Efficiency Improvements
In addition to improving accuracy and user satisfaction, OneRec also offers significant improvements in efficiency. By leveraging reinforcement learning techniques previously deemed challenging for optimizing recommendations, the team was able to achieve impressive Model FLOPs Utilization rates on flagship GPUs during both training and inference stages. This aligns closely with leading-edge practices in the AI community.

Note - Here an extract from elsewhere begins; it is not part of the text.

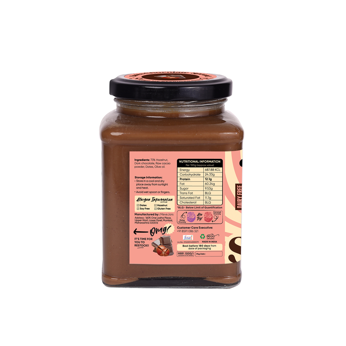 Meet Meve Jars’ Hazelnut Spread with Dates – 73% Turkish Hazelnuts, dark chocolate, raw cacao, dates, and olive oil, all packed in one jar of joy! Perfect for the health-conscious people, thanks to our date-sweetened formula. Elevate your mixed berries, stir into your coffee, or layer on chia pudding and apple slices. Guilt-free indulgence just got tastier

Furthermore, through infrastructure optimizations, operational expenses associated with traditional recommendation pipelines were drastically reduced to just 10.6%. This demonstrates how OneRec not only improves performance but also reduces costs associated with maintaining a production-scale recommendation system.
Real-World Implications
The technical report authored by Zhou et al. not only presents the development and optimization process behind OneRec but also offers valuable insights derived from maintaining a production-scale recommendation system with tangible real-world implications. The comprehensive approach taken by the research team showcases how cutting-edge technologies can be effectively harnessed to revolutionize recommender systems and enhance user experiences across diverse platforms.
Conclusion
In conclusion, Zhou et al.'s research paper "OneRec: An End-to-End Generative Framework for Recommendation" presents an innovative approach that reshapes recommender systems through an end-to-end generative framework. By replacing traditional multi-stage architectures with a single unified model trained end-to-end, OneRec offers significant improvements in efficiency and accuracy. Its deployment in the Kuaishou/Kuaishou Lite APP has yielded impressive results, showcasing its potential to revolutionize recommender systems and enhance user experiences. This research not only presents a groundbreaking approach but also offers valuable insights for maintaining production-scale recommendation systems with real-world implications.